Conversational customer service is a strategy focused on establishing customer connections through natural conversations. Technologies like artificial intelligence (AI) and machine learning (ML) are deployed to understand customer intent and provide responses that mimic human conversations.

You can use chatbots and voice-based technologies to have conversations with customers.  

As more and more customers expect brands to go beyond transactional relationships, conversational customer service helps improve customer engagement and retention.  

Let's find out how it can benefit the brands and customers and what brands can do to implement it.  

But before that, let's understand why moving away from traditional customer service is important.  

Traditional vs. conversational customer service

Traditional customer service is typically rigid. Agents follow pre-written scripts or workflows, which can limit their ability to respond to customer needs in a personalized or empathetic way. Conversational customer service uses technologies like artificial intelligence (AI) to create natural and engaging interactions between customers and businesses. Take a look at the following example.

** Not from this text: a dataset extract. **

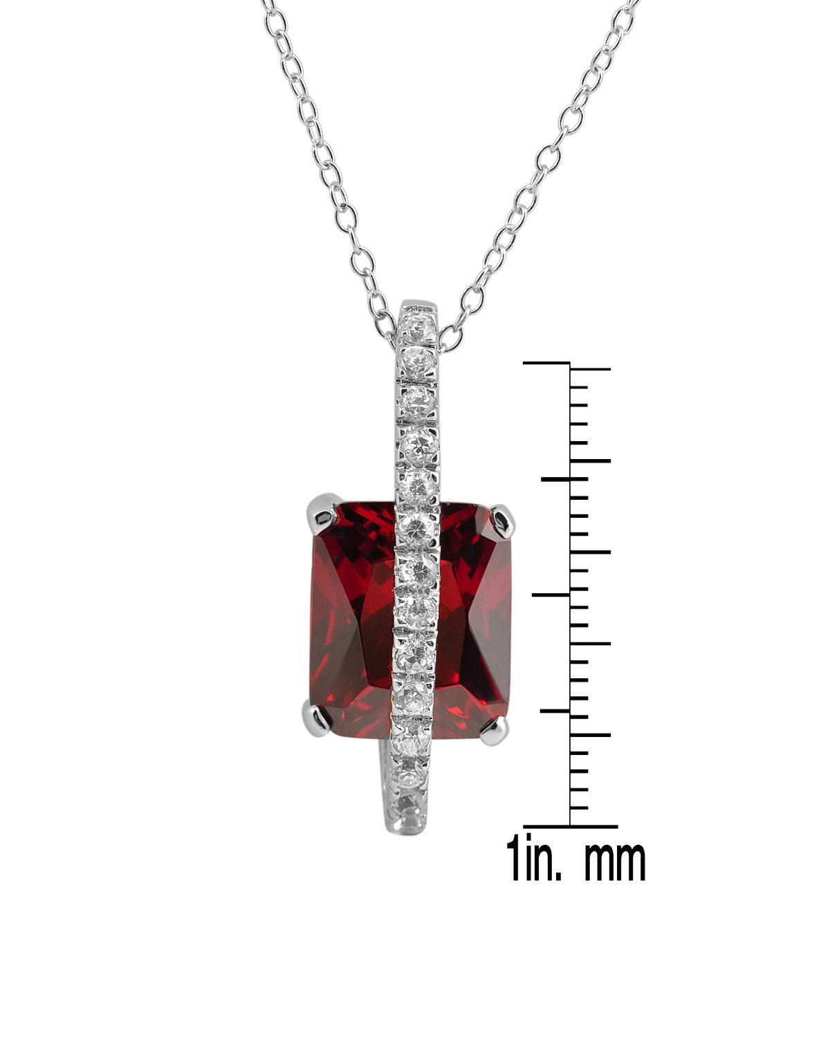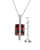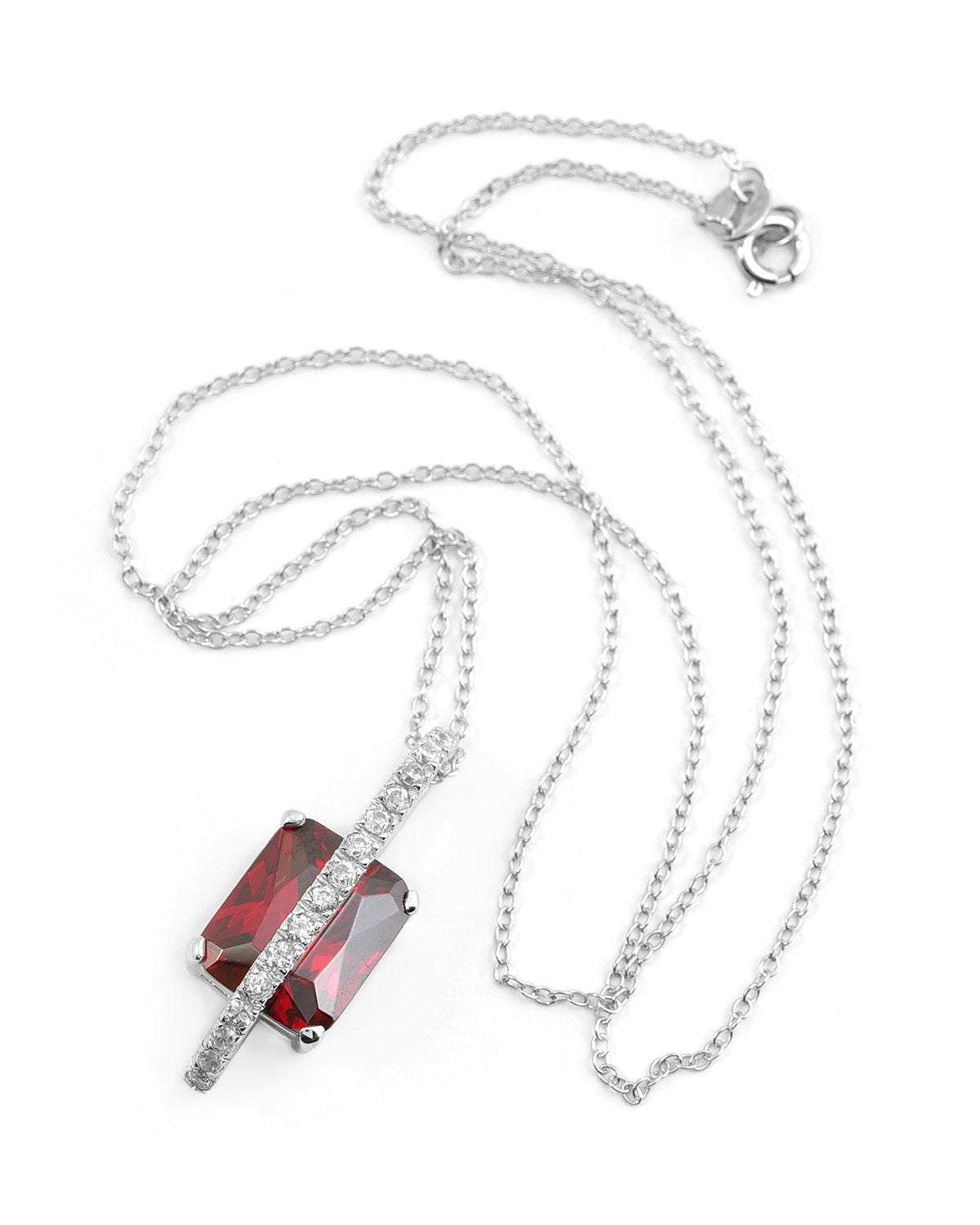 This elegant pendant features a captivating square-shaped cubic zirconia stone in a rich garnet color. The stone is meticulously faceted to enhance its brilliance and is securely mounted in a sterling silver bezel with a rhodium plating. Above the main stone, a column of smaller, clear cubic zirconia stones adds extra sparkle, leading up to the bail through which the matching sterling silver chain passes. The combination of the deep red hue of the garnet-like stone and the dazzling clear cubic zirconia creates a luxurious accessory that mimics the appearance of precious gemstones. Whether worn for special occasions or as an everyday statement piece, this pendant exudes elegance and sophistication.

Traditional customer interaction vs. conversational AI interaction

Other aspects make conversational customer service more effective than the traditional one. 

Feature 

Traditional Customer Service 

Conversational Customer Service 

Communication Style 

Often formal and scripted 

Natural, conversational, and personalized 

Channels 

Primarily phone, email, in-person 

Multichannel: chat, social media, messaging apps 

Response Time 

May involve wait times and delayed responses 

Real-time or near-real-time interactions 

Customer Interaction 

One-way communication from business to customer 

Interactive, two-way communication 

Personalization 

Limited personalization 

Highly personalized based on customer data 

Automation 

Limited automation with basic IVR systems 

Utilizes advanced chatbots and AI for automation 

Proactive Engagement 

Reactive - responds to customer inquiries 

Proactive - initiates conversations and offers support 

Customer Experience 

May vary in consistency and quality 

Consistently focused on enhancing customer experience 

Scalability 

May face challenges scaling with growing customer demands 

Easily scalable, adapts to varying workloads 

Benefits of conversational customer service 

Customers expect prompt and efficient service. Conversational customer service can help you meet these expectations by providing customers with immediate access to information and support. It can automate repetitive tasks and aid customer service agents in being responsive and delivering a smooth experience to customers. 

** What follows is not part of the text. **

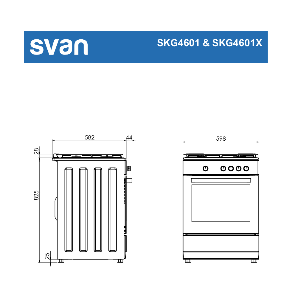 Cocina de gas ancho 60 cm de Svan modelo SKG4601.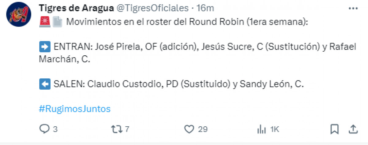 De último minuto, Tigres de Aragua anunciaron un ligero cambio en lo que iba a ser el roster oficial para el Round Robin:

Conversational customer service can also help you in: 

1. Improved customer service

Conversational customer service is a more convenient and engaging way of delivering customer service.

It allows customers to engage with your agents using their preferred customer service channels, such as chat, messaging, or social media. They can interact with your agents or chatbots on their own time without having to wait on hold or navigate complex phone menus.

More importantly, technologies like AI and ML-based solutions conversational customer service solutions can help your agents understand customer preferences and provide tailored support experiences. For example, it can remember a customer's past interactions and provide relevant information or recommendations.

2. Reduced costs

Gartner predicts that tools like conversational AI can reduce labor costs by 80%.

Conversational customer service can reduce costs for brands in a number of ways:

  • Reduced labor costs: Conversational customer service can be used to automate many of the tasks that are currently performed by human agents. This can reduce the overall cost of labor.

  • Reduced training costs: Tools like conversational AI can be trained to handle a wide range of customer queries, thus saving the cost of training new agents. 

  • Increased customer satisfaction: In addition to these direct cost savings, conversational customer service can also lead to indirect cost savings by improving customer satisfaction and reducing the dependency on customer support. 

 Also Read: How to Use Conversational AI for Customer Service  

3. Shorter response time 

75% of customers demand instant service within five minutes of online contact. This is where conversational customer service helps. Conversational customer service tools, such as chatbots and virtual assistants, can be used to provide customers with immediate support. These tools are available 24/7 and can answer a wide range of questions, sometimes without the need for human intervention. 

Learn more: Tips on Improving Customer Response Time with AI 

4. Improved agent efficiency 

Customer service agents often get boggled by the sheer volume of customer queries. It leaves them with little time to focus on high-value tasks, such as building relationships with customers and providing personalized support. It also takes a toll on their efficiency. 

Conversational customer service can automate the customer service process through options like self-service. For example, you can give customers access to a knowledge base and other resources. This can reduce service interactions by 40-50% and reduce the cost-to-serve by 20%. 

Options like customer service automation and self-service can reduce the volume of queries and help agents manage their tasks more efficiently. 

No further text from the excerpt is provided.